Skip to Content

HANA PAL Gradient Boosted Decision Tree bug and documentation irregularity

I would like to get a second opinion of the example code provided in the documentation for gradient boosted decision trees, shown here. It appears that the classification implementation of the procedure is only successful if there are two classifiers. Otherwise there is the following error:

Could not execute 'CALL DEVUSER.PAL_GBDT_PREDICT( PAL_GBDT_PREDICT_TBL, PAL_GBDT_CONTROL_TBL, PAL_GBDT_MODEL_TBL, ...' in 100 ms 971 µs . 
SAP DBTech JDBC: [2048]: column store error: search table error:  [2620] executor: plan operation failed;not all requested columns in output table "$$P4$$_SYS_SS_CE_169321_vers2_lang12_type1_139936671594496:2_TMP_CALL" have the same size.' 

This can be easily tested by adding a third variable to the data set provided, which is a simple change from B to C. I have directly copied the example code from the docs, with this change indicated below. I am running the latest HANA2 Express Edition.

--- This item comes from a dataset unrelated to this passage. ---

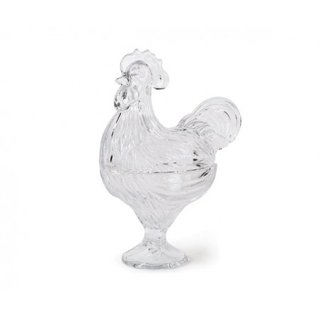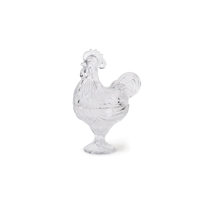 Contenitore a forma di gallina in vetro.
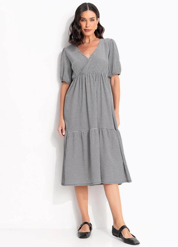 Quintess - Vestido Xadrez Preto em Malha Texturizada

Incidentally, the training data set provided in the docs is identical to the prediction data set provided. Whilst this is not technically incorrect, it is irregular. This is also the case for the regression example.

Furthermore, I believe the bug described above was discovered by the author of the documentation example. This can be seen in the structure of the data set.

INSERT INTO PAL_GBDT_TRAIN_TBL VALUES(1.0, 10.0, 100, 1.0, 'A');
...
INSERT INTO PAL_GBDT_TRAIN_TBL VALUES(4.0, 40.0, 400, 4.0, 'B');
...
INSERT INTO PAL_GBDT_TRAIN_TBL VALUES(9.0, 90.0, 900, 2.0, 'B');

I won't go into the explanation except to say that the final 'B' looks to have been changed from a 'C'. I am of the opinion that this was done deliberately to ensure the example worked.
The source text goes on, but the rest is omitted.